Profiling Models in ExecuTorch¶
Profiling in ExecuTorch gives users access to these runtime metrics:
Model Load Time.
Operator Level Execution Time.
Delegate Execution Time.
If the delegate that the user is calling into has been integrated with the SDK, then users will also be able to access delegated operator execution time.
End-to-end Inference Execution Time.
One uniqe aspect of ExecuTorch Profiling is the ability to link every runtime executed operator back to the exact line of python code from which this operator originated. This capability enables users to easily identify hotspots in their model, source them back to the exact line of Python code, and optimize if chosen to.
We provide access to all the profiling data via the Python Inspector API. The data mentioned above can be accessed through these interfaces, allowing users to perform any post-run analysis of their choice.
Steps to Profile a Model in ExecuTorch¶
[Optional] Generate an ETRecord while you’re exporting your model. If provided this will enable users to link back profiling details to eager model source code (with stack traces and module hierarchy).
Build the runtime with the pre-processor flags that enable profiling. Detailed in the ETDump documentation.

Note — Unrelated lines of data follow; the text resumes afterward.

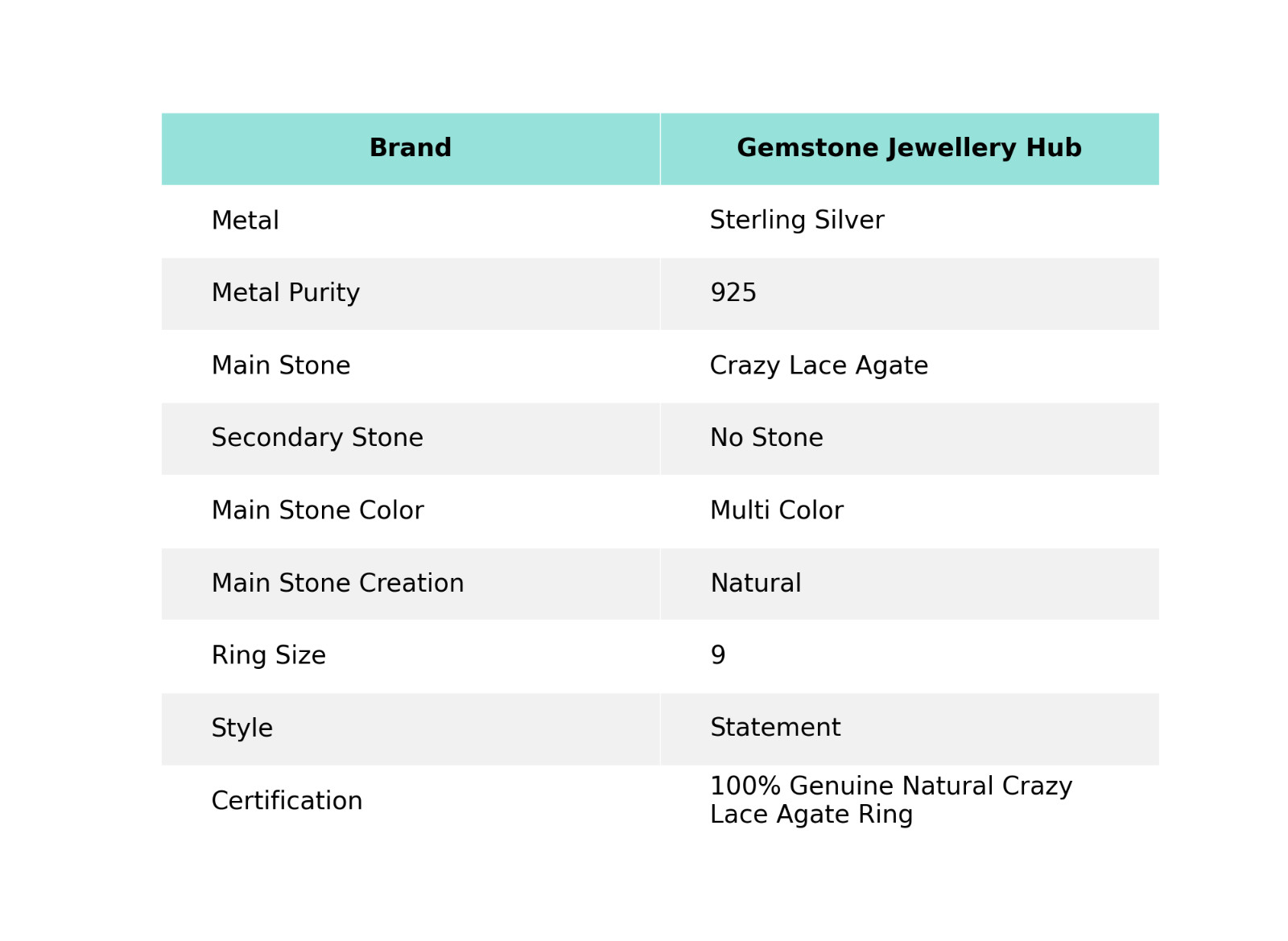 Certification: 100% Genuine Natural Crazy Lace Agate Ring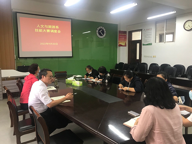 为做好2022年山东省职业院校技能大赛训练工作,9月30日下午,人文与旅游系在和润楼B304召开技能大赛备赛工作调度会。系党总支书记李侠,副主任秦志玉,教学科代理科长张金芝以及各赛项指导教师参加会议。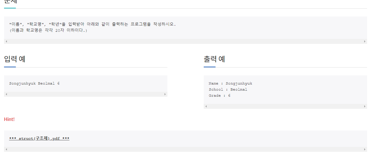 scanf("%s %s %d", c.name, c.school, &c.grade);

Run your Program on the ExecuTorch runtime and generate an ETDump.
Create an instance of the Inspector API by passing in the ETDump you have sourced from the runtime along with the optionally generated ETRecord from step 1.
Through the Inspector API, users can do a wide range of analysis varying from printing out performance details to doing more finer granular calculation on module level.
Please refer to the SDK tutorial for a step-by-step walkthrough of the above process on a sample model.